── Dataset excerpt ──

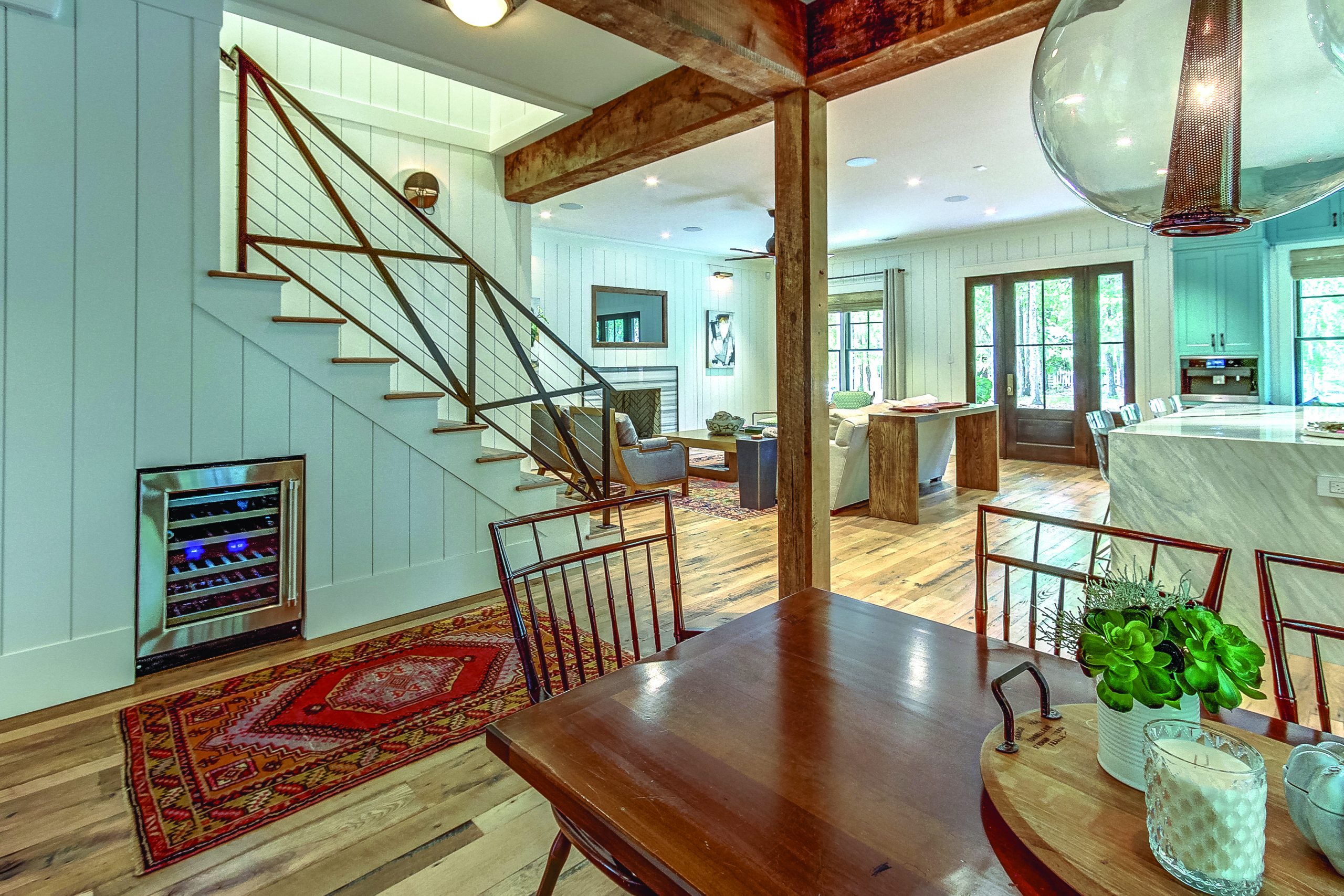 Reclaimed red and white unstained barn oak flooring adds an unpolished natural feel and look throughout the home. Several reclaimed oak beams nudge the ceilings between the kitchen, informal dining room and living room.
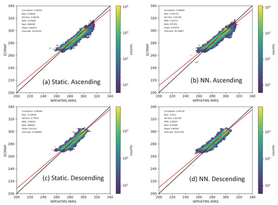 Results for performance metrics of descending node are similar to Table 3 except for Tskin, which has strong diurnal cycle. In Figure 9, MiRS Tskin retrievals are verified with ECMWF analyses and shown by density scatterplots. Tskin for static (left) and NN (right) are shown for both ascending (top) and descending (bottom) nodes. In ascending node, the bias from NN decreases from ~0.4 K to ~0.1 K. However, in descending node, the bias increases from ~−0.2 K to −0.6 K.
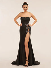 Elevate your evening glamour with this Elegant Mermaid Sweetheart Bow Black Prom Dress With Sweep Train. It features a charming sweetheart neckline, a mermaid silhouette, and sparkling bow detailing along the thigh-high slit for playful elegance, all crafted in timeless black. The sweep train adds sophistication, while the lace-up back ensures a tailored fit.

───

Apart from the images, print all the material above exactly as given.

 Reclaimed red and white unstained barn oak flooring adds an unpolished natural feel and look throughout the home. Several reclaimed oak beams nudge the ceilings between the kitchen, informal dining room and living room.
 Results for performance metrics of descending node are similar to Table 3 except for Tskin, which has strong diurnal cycle. In Figure 9, MiRS Tskin retrievals are verified with ECMWF analyses and shown by density scatterplots. Tskin for static (left) and NN (right) are shown for both ascending (top) and descending (bottom) nodes. In ascending node, the bias from NN decreases from ~0.4 K to ~0.1 K. However, in descending node, the bias increases from ~−0.2 K to −0.6 K.
 Elevate your evening glamour with this Elegant Mermaid Sweetheart Bow Black Prom Dress With Sweep Train. It features a charming sweetheart neckline, a mermaid silhouette, and sparkling bow detailing along the thigh-high slit for playful elegance, all crafted in timeless black. The sweep train adds sophistication, while the lace-up back ensures a tailored fit.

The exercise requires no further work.